(Reuters) - India has sought cooperation from Bhutan, Myanmar and Bangladesh in an offensive against a tribal militant group that had shot dead at least 80 people in Assam this week, officials said on Friday.

Police believe that a faction of the National Democratic Front of Bodoland (NDFB), fighting for a separate state for ethnic Bodos, was behind coordinated attacks on tea plantation workers and their families this week, the deadliest in years.

Some militants may have fled to neighboring Bhutan while their leader was believed to be in Myanmar, officials and police said, prompting calls for cooperation.

"We are determined to hunt down the rebels and destroy their base, both in the country and outside," Minister of State for Home Kiren Rijiju told Reuters.

Assam is one of the seven states that make up India's remote northeast, home to more than 200 tribes and dozens of insurgencies, some seeking greater autonomy and others secession.

The region has trailed the rest of India in economic development and the gap has widened in recent years, fuelling discontent.
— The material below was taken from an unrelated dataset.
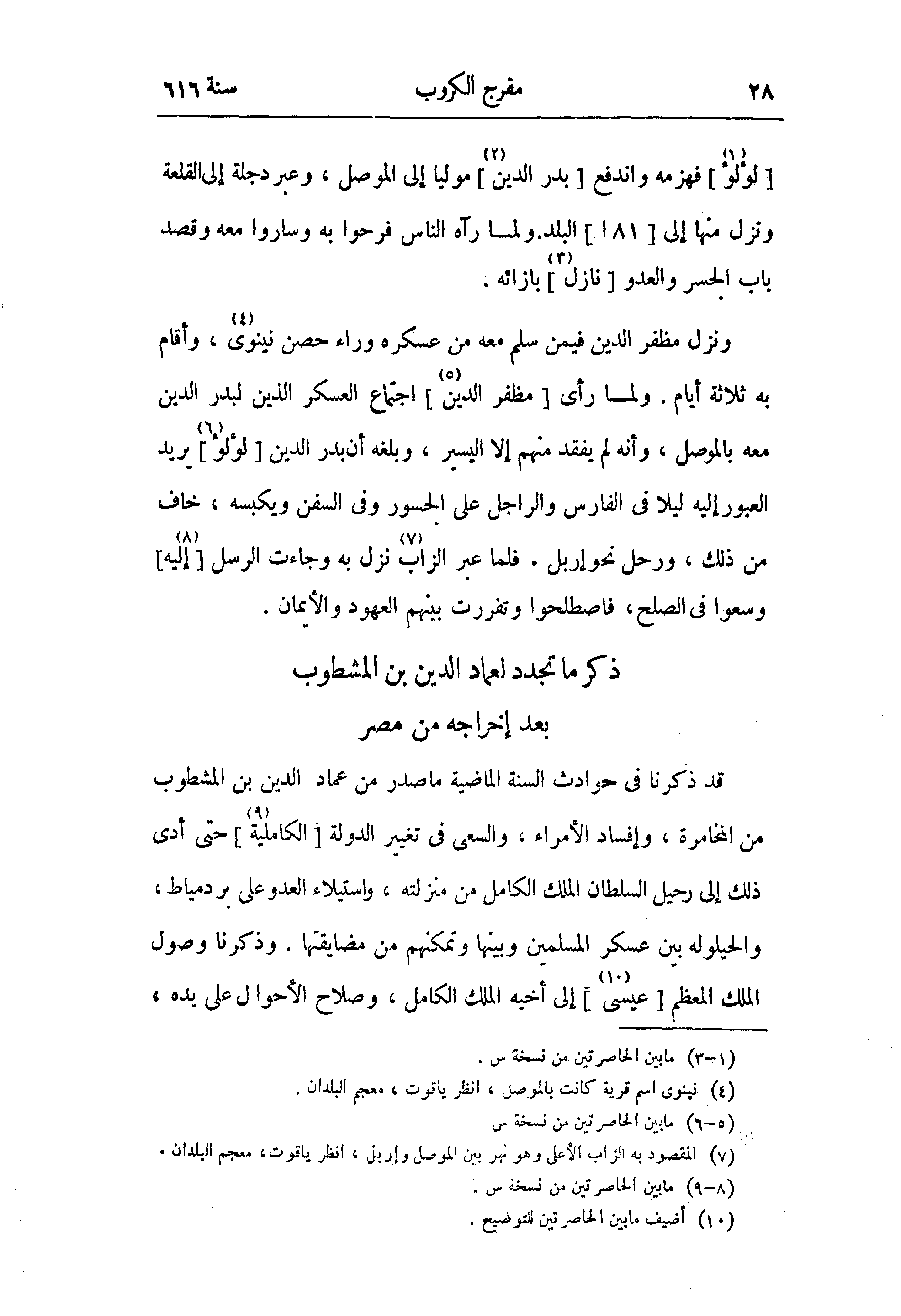 ونزل مظفر الدين فيمن سلم معه من عسكره وراء حصن نينوى (¬4)، وأقام به ثلاثة أيام. ولما رأى [مظفر الدين (¬5)] اجتماع العسكر الذين لبدر الدين معه بالموصل، وأنه لم يفقد منهم إلا اليسير، وبلغه أن بدر الدين [لؤلؤ] (¬6) يريد العبور إليه ليلا في الفارس والراجل على الجسور وفى السفن ويكبسه، خاف من ذلك، ورحل نحو إربل. فلما عبر الزاب (¬7) نزل به وجاءت الرسل [إليه] (¬8) وسعوا في الصلح، فاصطلحوا وتقررت بينهم العهود والأيمان.

Residents accuse the central government of plundering the natural resources while ignoring development.

The latest attacks, in which half the victims were women and children, have shaken Prime Minister Narendra Modi's government that came to power promising economic growth as well as a militarily secure India.

"This is terrorism, there is zero-tolerance for terrorism," Home Minister Rajnath Singh, who flew to Assam to commiserate with the families of the victims, told reporters.

The northeast is wedged between China, Myanmar, Bangladesh and Bhutan, and militants are known to crisscross borders that run through thickly forested mountains.

Assam police say the leader of the NDFB, I.K. Sonbijit, is based in Myanmar, from where he controls his cadres.

He is believed to have ordered this week's attacks in retaliation for a army offensive against his group in which he lost 40 men and a large quantity of arms and ammunition.

Some 7,000 villagers have fled their homes in Assam, fearing more attacks from the Bodo militants and are sheltered in relief camps guarded by the army and police.